■ DIRECTIONS FOR THIS TASK ■
Print the data below exactly, but only the lines from the one containing "コットン・ポリエステル混紡(50/50) 【湘南倉庫】USアメリカ古着 T13" down to the one containing "PHILIPS 飛利浦 GO系列 耳夾式真無線藍牙耳機 TAQ2000", inclusive.

■ DATA LISTING ■
# # # #
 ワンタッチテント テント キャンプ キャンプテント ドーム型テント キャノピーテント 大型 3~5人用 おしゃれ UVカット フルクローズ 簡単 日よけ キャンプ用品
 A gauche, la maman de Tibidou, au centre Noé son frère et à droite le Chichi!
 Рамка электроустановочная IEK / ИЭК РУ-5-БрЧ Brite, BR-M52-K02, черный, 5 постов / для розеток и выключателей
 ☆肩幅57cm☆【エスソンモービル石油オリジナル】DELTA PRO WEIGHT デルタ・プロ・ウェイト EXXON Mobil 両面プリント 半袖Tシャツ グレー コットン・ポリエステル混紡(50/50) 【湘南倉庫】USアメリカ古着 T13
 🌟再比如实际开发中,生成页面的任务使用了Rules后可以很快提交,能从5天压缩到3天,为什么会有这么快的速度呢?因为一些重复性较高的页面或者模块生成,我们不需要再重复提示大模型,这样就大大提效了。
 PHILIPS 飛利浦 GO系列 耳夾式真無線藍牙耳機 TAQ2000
# # # #
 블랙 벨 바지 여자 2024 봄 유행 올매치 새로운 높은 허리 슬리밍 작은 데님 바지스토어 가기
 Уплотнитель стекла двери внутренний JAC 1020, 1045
# # # #
■ SOLUTION TO THE EXERCISE ■
 ☆肩幅57cm☆【エスソンモービル石油オリジナル】DELTA PRO WEIGHT デルタ・プロ・ウェイト EXXON Mobil 両面プリント 半袖Tシャツ グレー コットン・ポリエステル混紡(50/50) 【湘南倉庫】USアメリカ古着 T13
 🌟再比如实际开发中,生成页面的任务使用了Rules后可以很快提交,能从5天压缩到3天,为什么会有这么快的速度呢?因为一些重复性较高的页面或者模块生成,我们不需要再重复提示大模型,这样就大大提效了。
 PHILIPS 飛利浦 GO系列 耳夾式真無線藍牙耳機 TAQ2000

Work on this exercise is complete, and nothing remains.